Constitution prohibits Ramaphosa from involvement in private business

Constitution prohibits Ramaphosa from involvement in private business

Advocate Paul Hoffman says the Constitution prohibits the head of state from involvement in private businesses while in office. 

'I will be selling my cows on Saturday' - Ramaphosa
AFP Stefan Heunis

This comes after President Cyril Ramaphosa confirmed an auction will be held at his private Phala Phala farm in Limpopo on Saturday.


The president will put some of his prized Ankole cows up for sale. 


It comes amid the political storm over the theft of foreign currency from the Phala Phala farm in 2020 – money which was also the proceeds of game sold by the Ramaphosa.


Earlier this month, former spy boss Arthur Fraser laid a criminal complaint against the president, claiming the suspects were kidnapped and assaulted as part of efforts to cover up the robbery.


Hoffman says Ramaphosa vowed to step away from his businesses when he ascended to the presidency.


“The idea, when he became the president, was that his businesses will be placed in a trust that would be operated for his benefit without his input. Whether this is being done with the farm or not is hard to tell.

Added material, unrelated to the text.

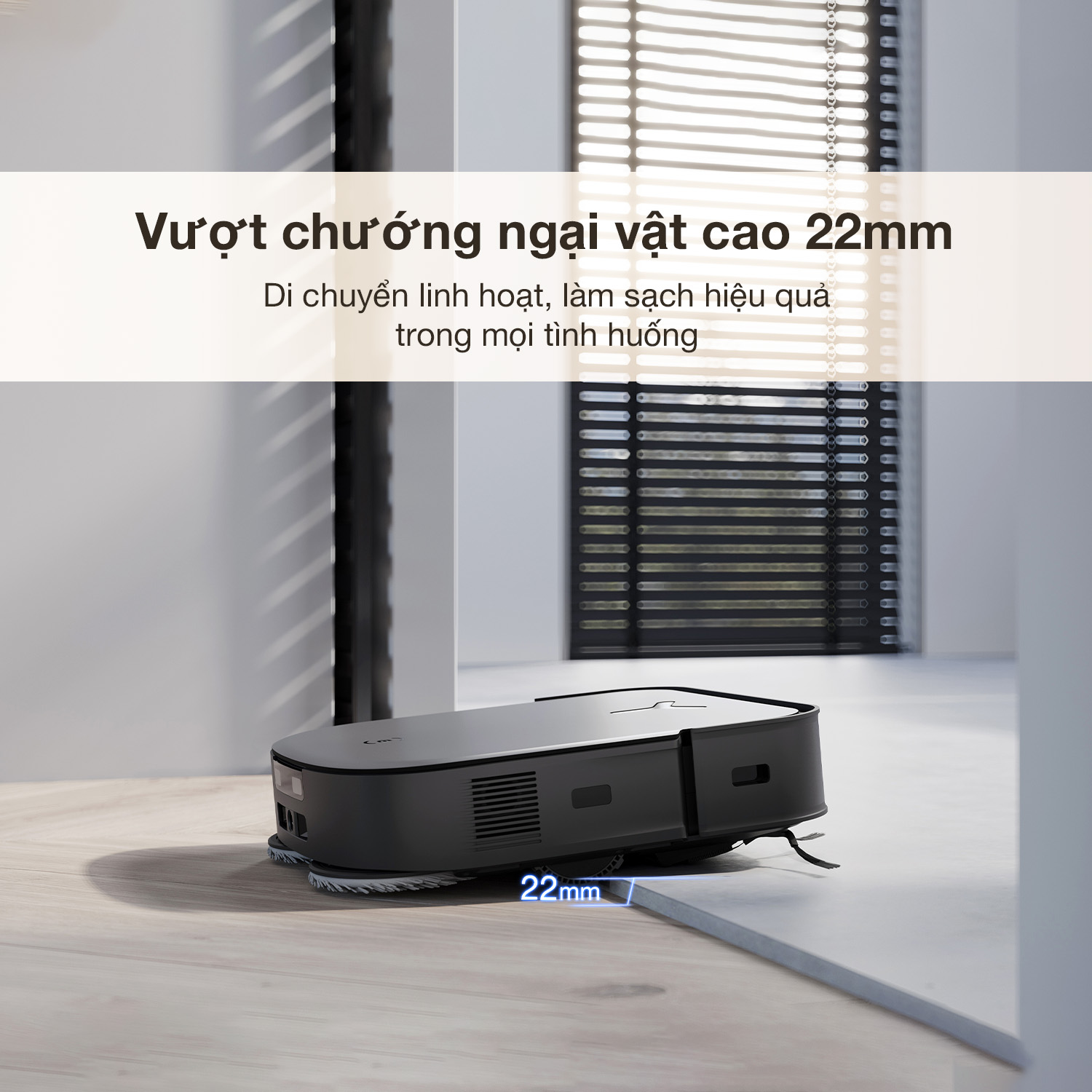 DEEBOT có khả năng tự nâng lên tới 22mm, cho phép nó vượt qua hầu hết các ngưỡng cửa một cách dễ dàng, giúp việc làm sạch trở nên thuận tiện hơn

“But the wording of the Constitution is that members of the Cabinet are not allowed to undertake other paid work, they must give their full-time attention to the task of running a country because it is a big task. He is not allowed to undertake other paid work and that is where the fine line appears."


READ: 'I will be selling my cows on Saturday' - Ramaphosa


“If selling animals is regarded as paid work, then the public protector would report on it and would make a finding that he is in the bridge of the Constitution for undertaking paid work and he would have to stop undertaking paid work,” says Hoffman.


He adds that Ramaphosa might have implicated himself with remarks he made at the ANC’s Limpopo conference some weeks ago.


“It is a possibility that the Phala Phala farm might be under the care of other people, but it doesn’t seem to time very nicely with what he said at the ANC’s Limpopo conference where he said everybody knows that he sells livestock.


“That isn’t the words of a person who has reserved it all in the blind trust and doesn’t know what is happening.


The other part of the story that makes it kind of tricky is that if it is true that the dollar bills had been stitched into the sofas at Phala Phala. Then surely he must have known about that, he sits on a couch that creeks with money.”